**ENTRIES PROVIDED**

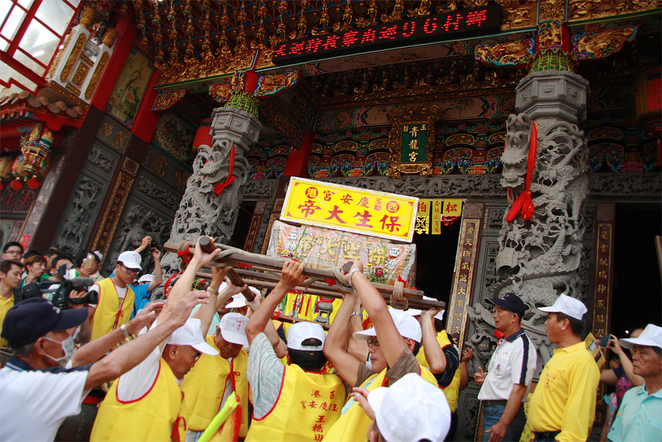 西港香請大道公
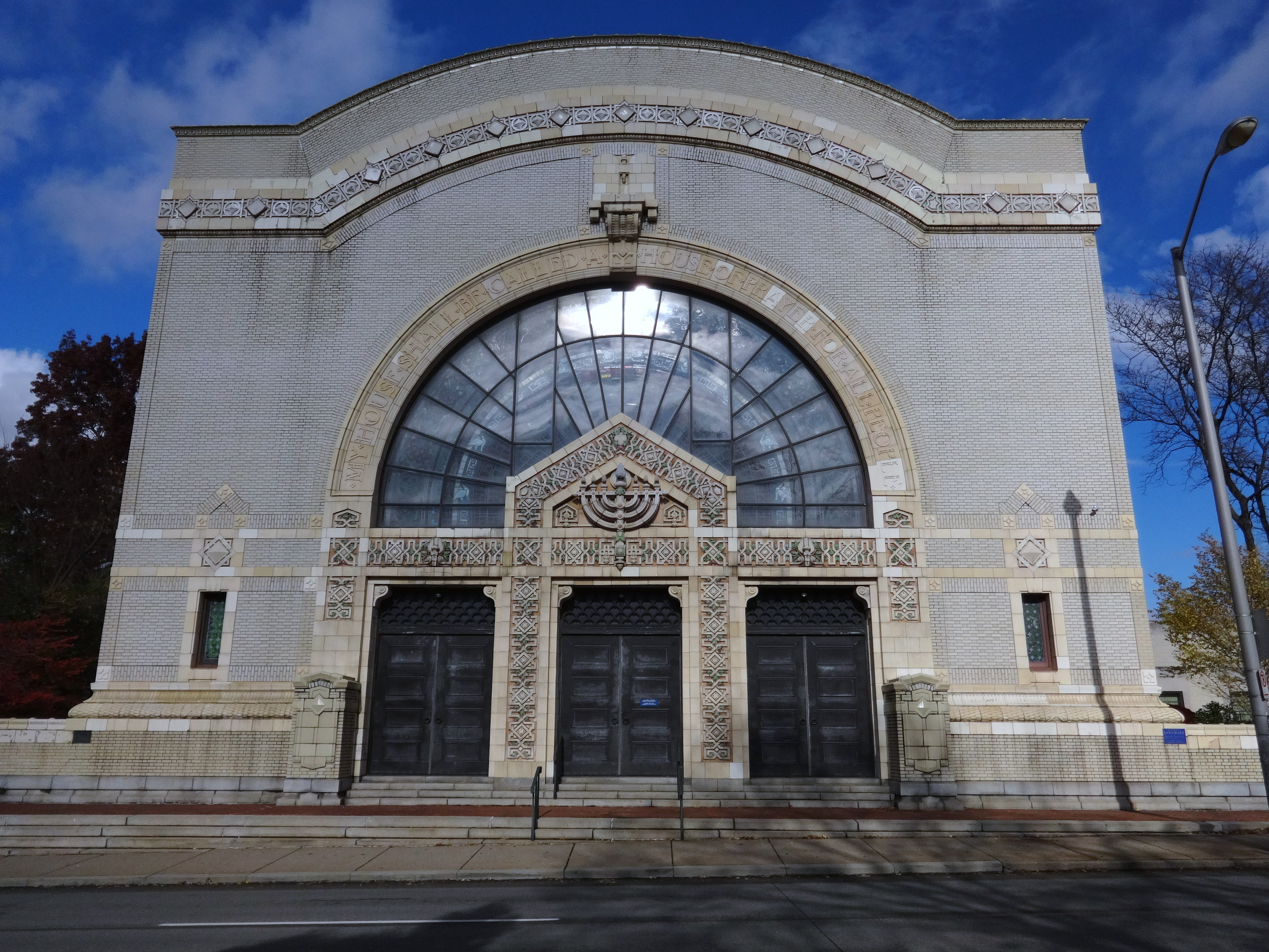 Rodef Shalom Temple, Pittsburgh, Pennsylvania.
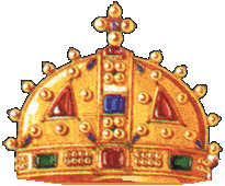 Serbian tzar Stefan Uroš IV Dušan of Serbia with his wife Jelena, middle of XIV century, monastery Lesnovo, Republic of Macedonia
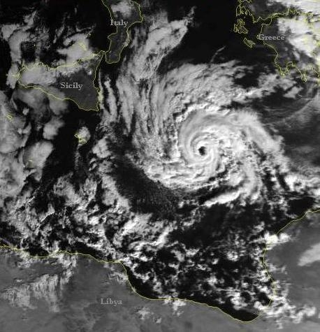 Satellite image of "Medicane" Celeno, a rare Category 1 hurricane-strength Mediterranean tropical cyclone at peak intensity, on January 16, 1995.
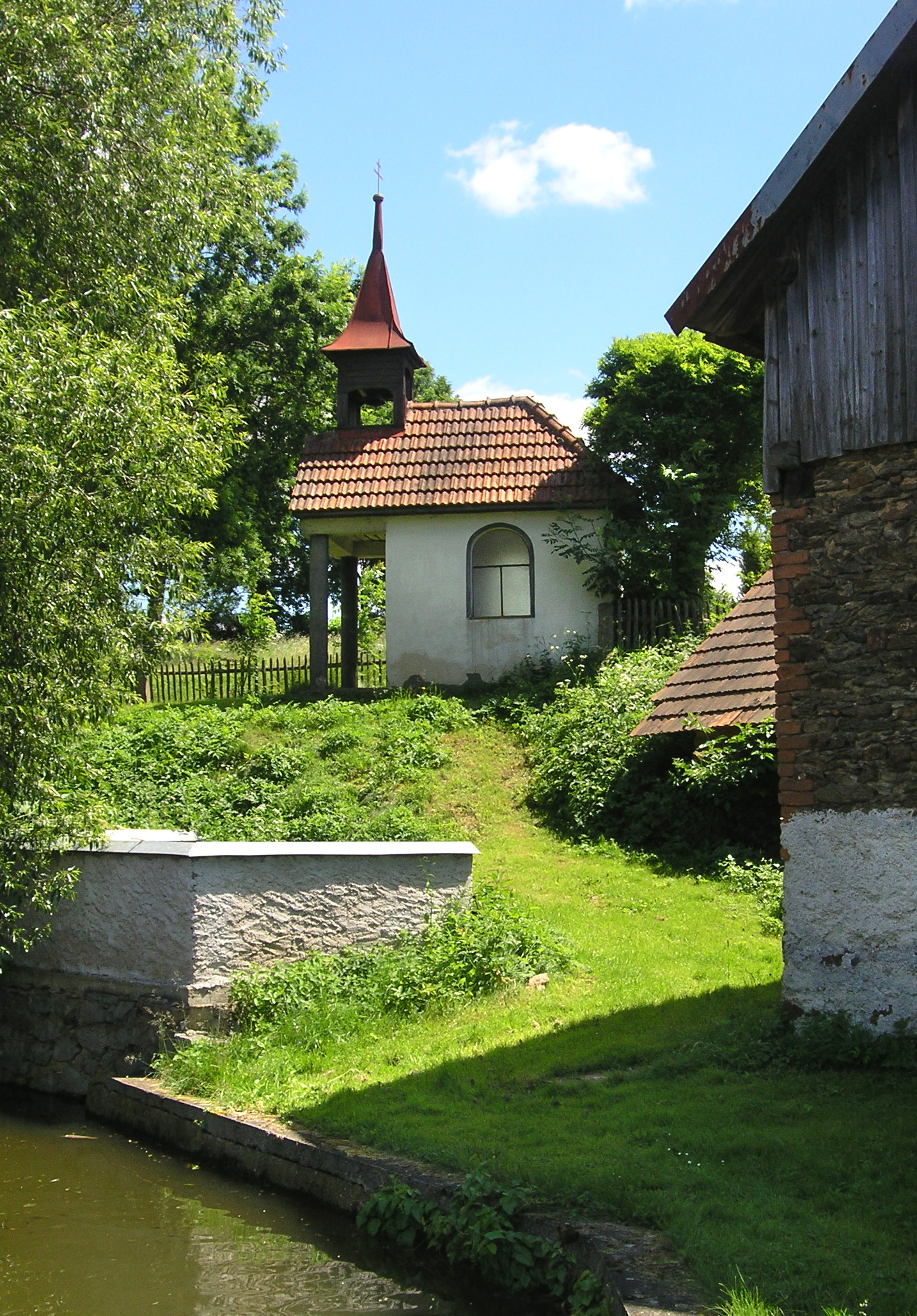 Chapel in Těškovice, part of Onšov village, Czech Republic
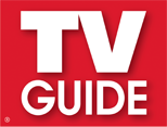 TV Guide logo.
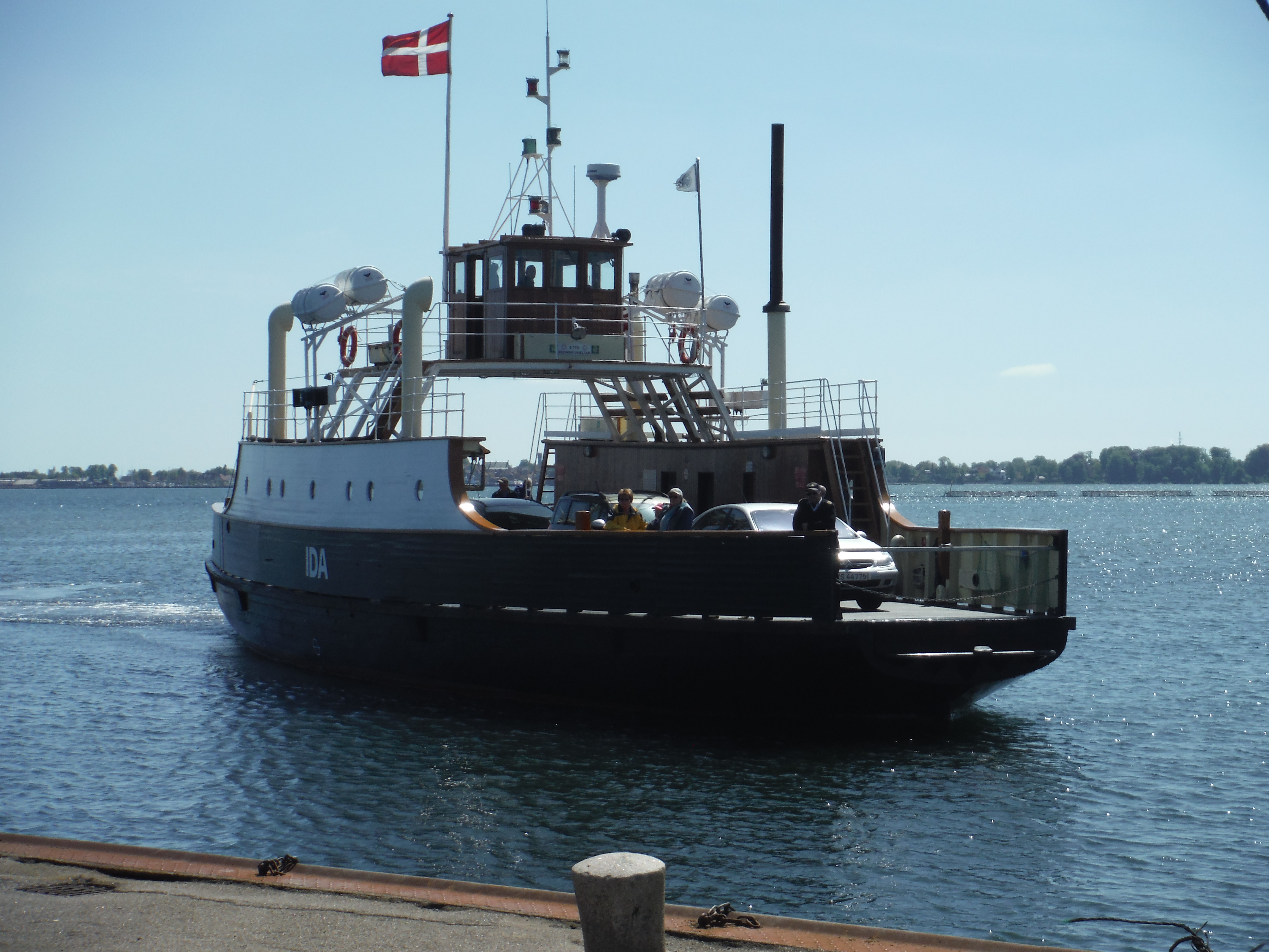 Ferry from Stubbekøbing to Bogø
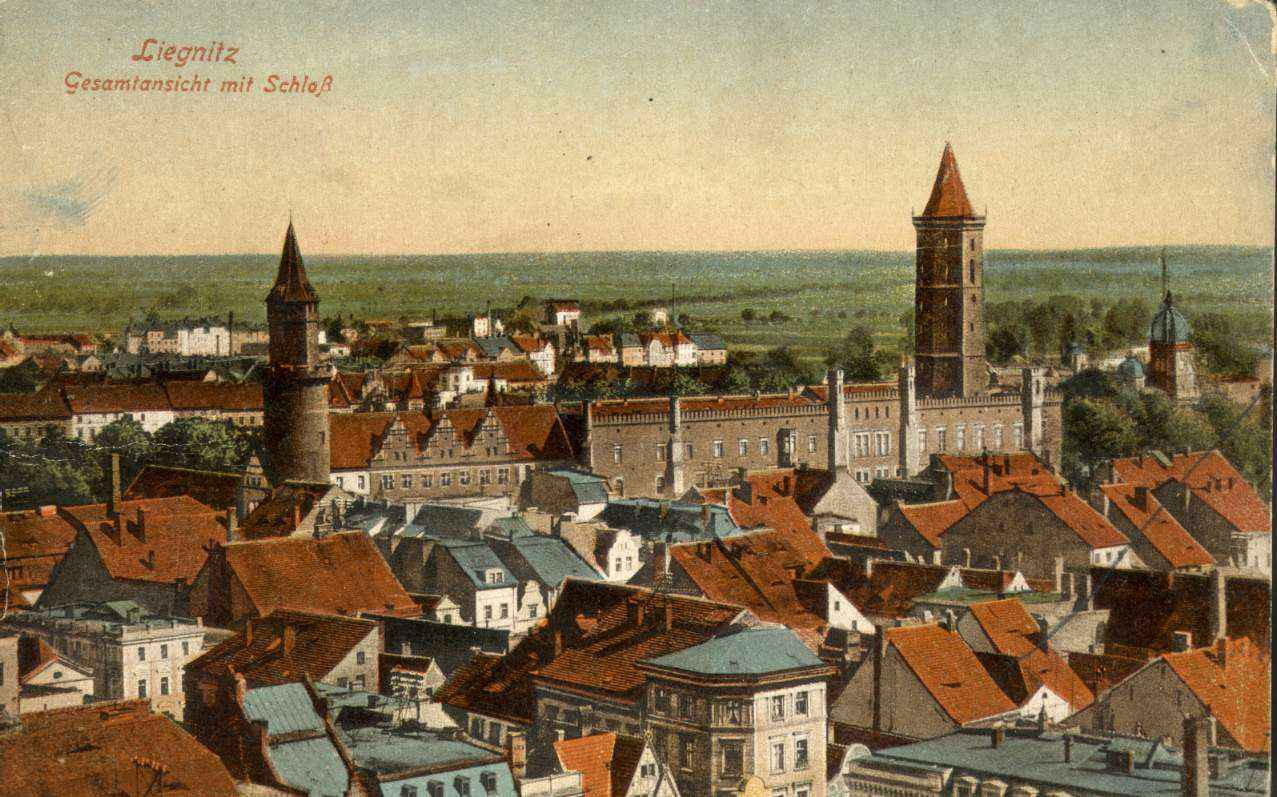 View from South-East side, early 20th century
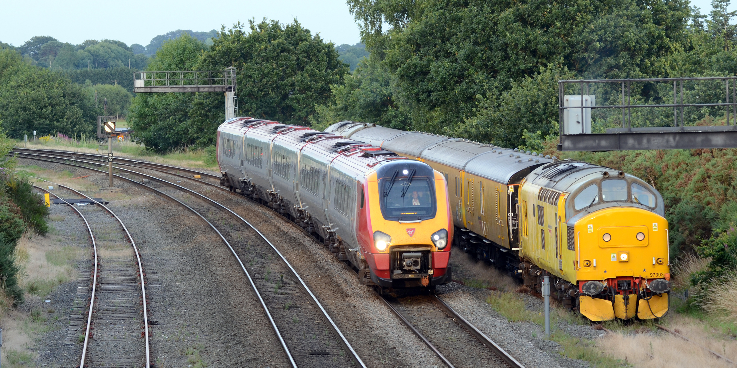 A Virgin Voyager working between London Euston and Shrewsbury passes a Network Rail measurement train (headed by 97302). The measurement train is in the Cosford loop waiting for a path west.
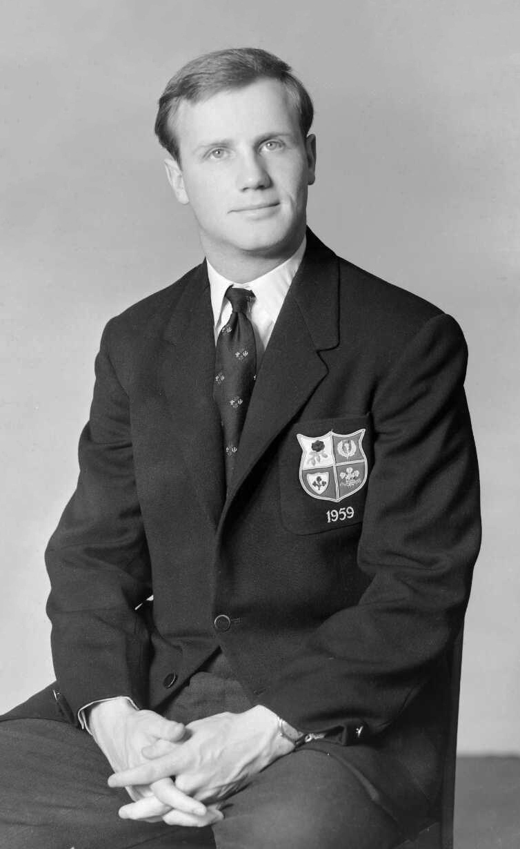 Andrew Armstrong Mulligan, captain of the British Lions rugby team touring New Zealand in 1959
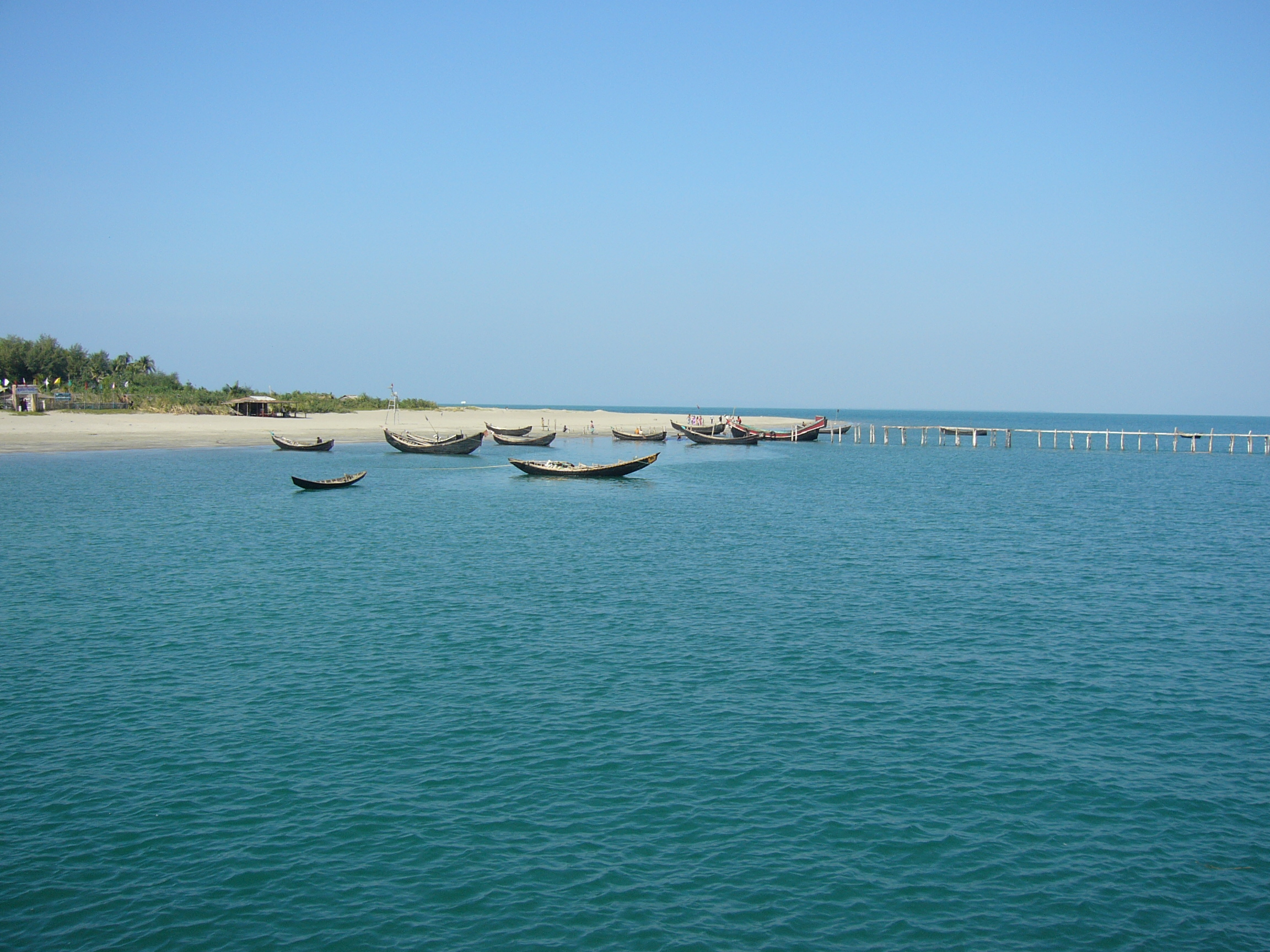 Boats near St. Martin's Island, Bangladesh
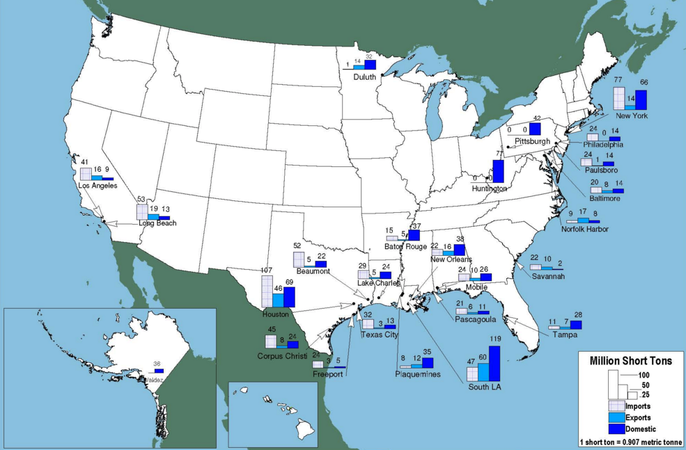 US ports by tonnage
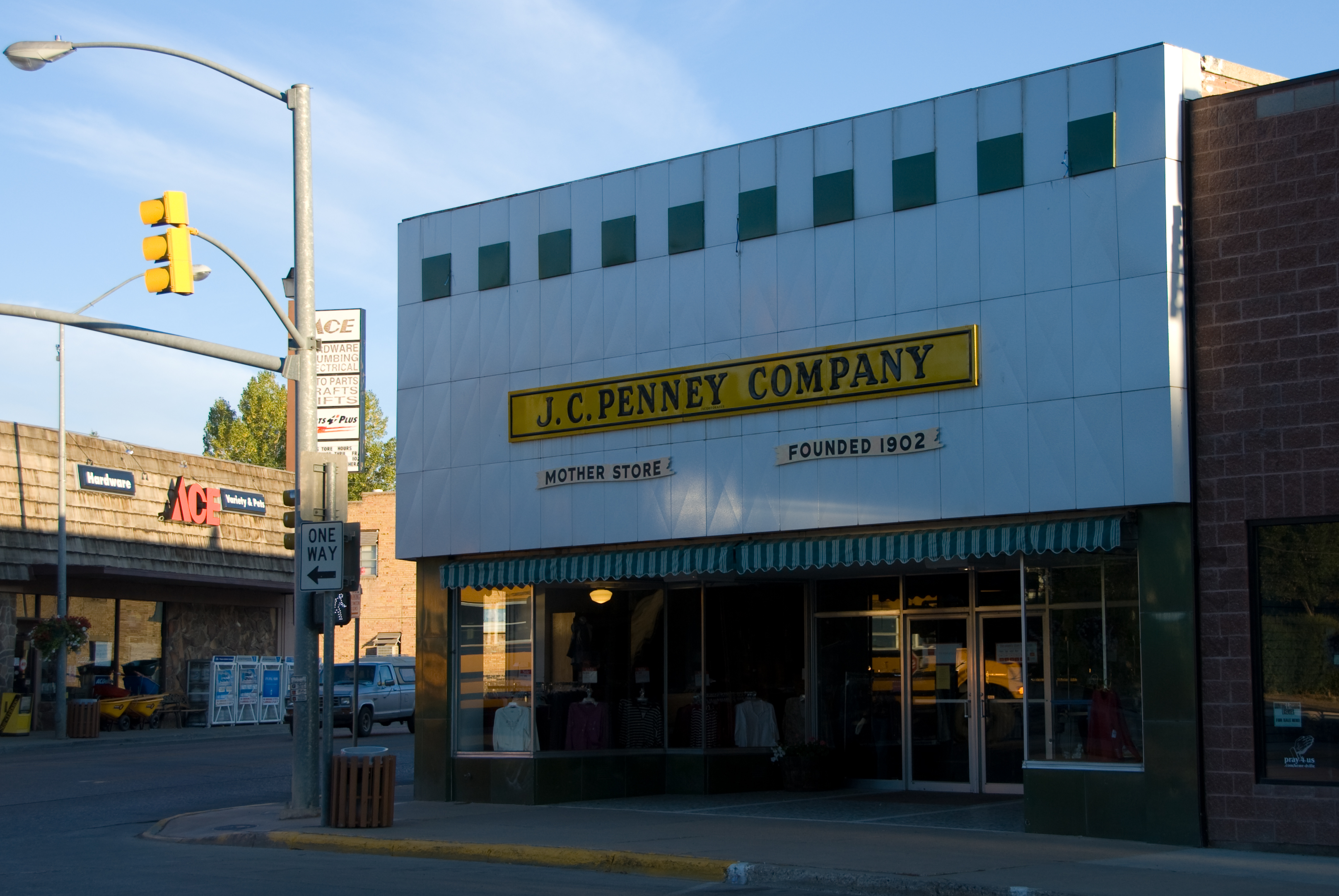 The picture shows the J.C. Penney mother store in Kemmerer, Lincoln County, Wyoming
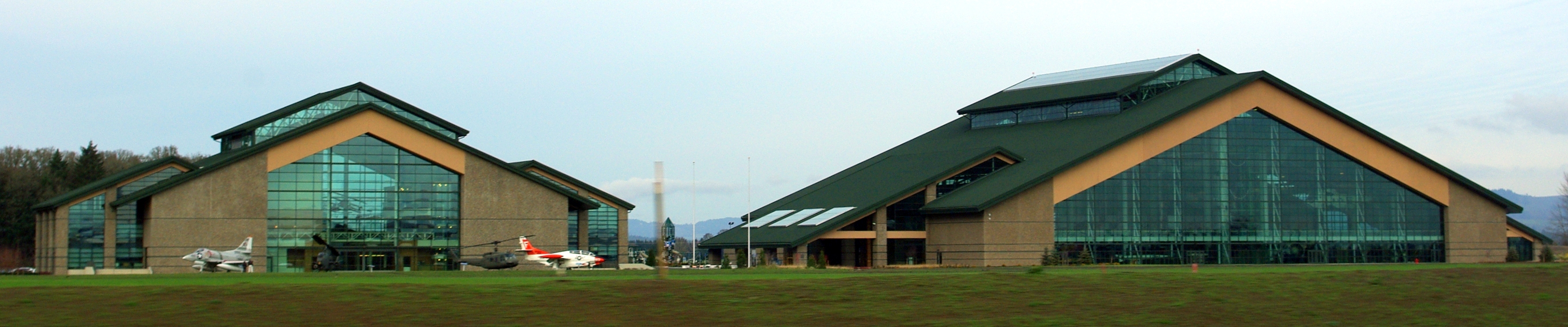 Evergreen Aviation & Space Museum in McMinnville, Oregon, USA

**THE PROBLEM**
Copy exactly, and only, the lines running from the one containing "Chapel in Těškovice, part" through the final line of the data, and omit the pictures.

**TASK RESPONSE**
 Chapel in Těškovice, part of Onšov village, Czech Republic
 TV Guide logo.
 Ferry from Stubbekøbing to Bogø
 View from South-East side, early 20th century
 A Virgin Voyager working between London Euston and Shrewsbury passes a Network Rail measurement train (headed by 97302). The measurement train is in the Cosford loop waiting for a path west.
 Andrew Armstrong Mulligan, captain of the British Lions rugby team touring New Zealand in 1959
 Boats near St. Martin's Island, Bangladesh
 US ports by tonnage
 The picture shows the J.C. Penney mother store in Kemmerer, Lincoln County, Wyoming
 Evergreen Aviation & Space Museum in McMinnville, Oregon, USA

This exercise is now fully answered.